Task prompt
From the listing below, please restate exactly the lines beginning at the one with "Gucci Gg Jacquard" and ending at the one with "Commuter Assistants Cheston", both included, and skip the pictures.

*** Exercise materials Section Begins ***

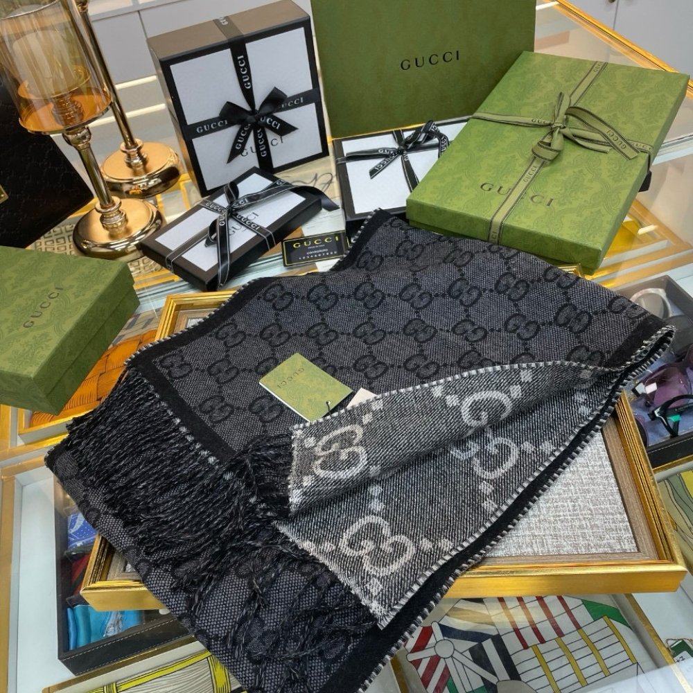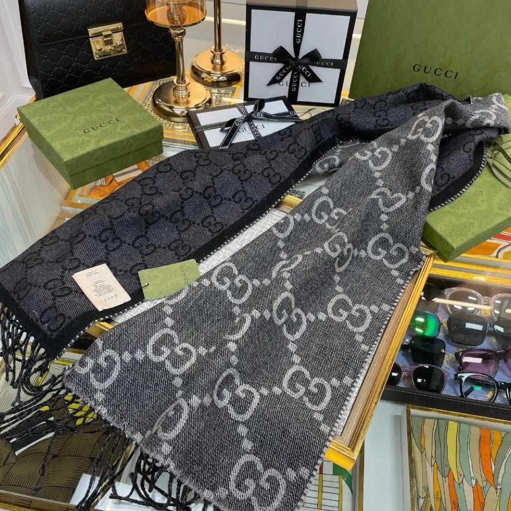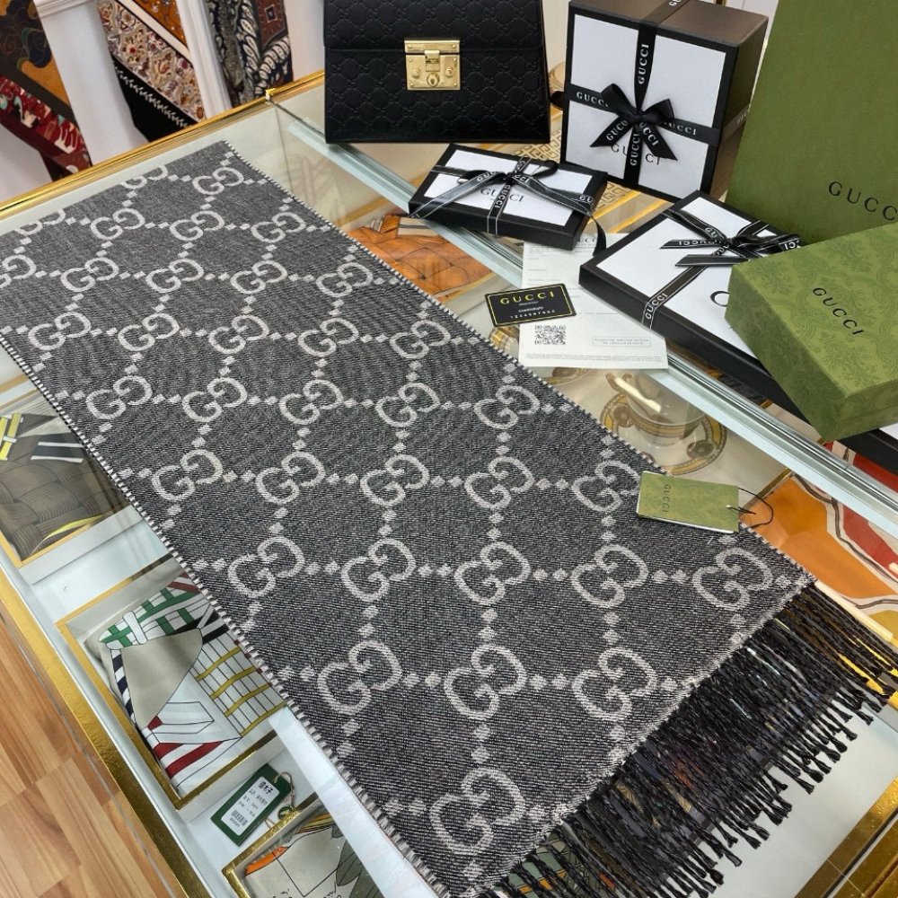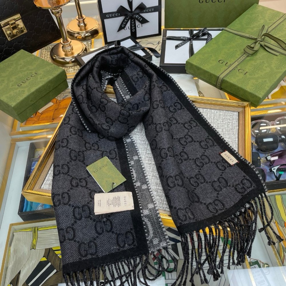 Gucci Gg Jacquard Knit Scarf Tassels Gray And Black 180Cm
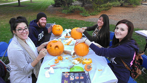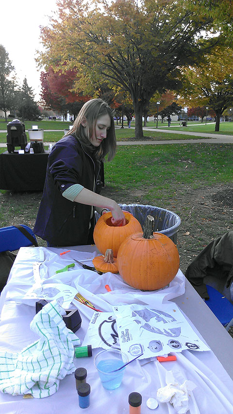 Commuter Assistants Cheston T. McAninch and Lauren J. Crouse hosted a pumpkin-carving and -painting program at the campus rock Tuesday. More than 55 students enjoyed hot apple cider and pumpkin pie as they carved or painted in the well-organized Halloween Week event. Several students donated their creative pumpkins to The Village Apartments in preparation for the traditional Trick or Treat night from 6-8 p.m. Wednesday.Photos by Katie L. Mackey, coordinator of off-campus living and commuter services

*** Exercise materials Section Ends ***
*** Exercise materials Section Begins ***

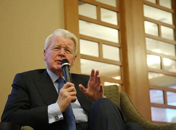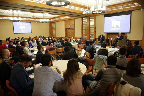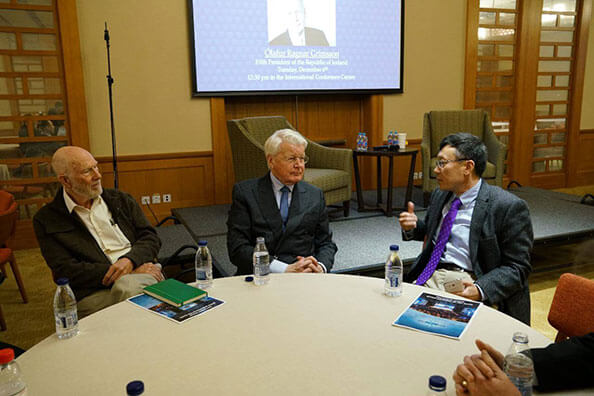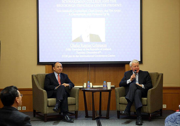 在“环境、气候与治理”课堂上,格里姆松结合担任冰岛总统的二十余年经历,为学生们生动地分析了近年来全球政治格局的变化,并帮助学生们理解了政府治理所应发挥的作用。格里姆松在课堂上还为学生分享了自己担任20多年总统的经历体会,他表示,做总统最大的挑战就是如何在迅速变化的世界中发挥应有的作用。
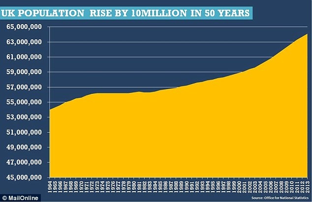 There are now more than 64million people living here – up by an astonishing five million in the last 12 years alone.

*** Exercise materials Section Ends ***
*** Exercise materials Section Begins ***

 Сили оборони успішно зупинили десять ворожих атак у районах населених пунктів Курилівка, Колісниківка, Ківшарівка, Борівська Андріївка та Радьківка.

*** Exercise materials Section Ends ***

Response for this exercise
 Gucci Gg Jacquard Knit Scarf Tassels Gray And Black 180Cm
 Commuter Assistants Cheston T. McAninch and Lauren J. Crouse hosted a pumpkin-carving and -painting program at the campus rock Tuesday. More than 55 students enjoyed hot apple cider and pumpkin pie as they carved or painted in the well-organized Halloween Week event. Several students donated their creative pumpkins to The Village Apartments in preparation for the traditional Trick or Treat night from 6-8 p.m. Wednesday.Photos by Katie L. Mackey, coordinator of off-campus living and commuter services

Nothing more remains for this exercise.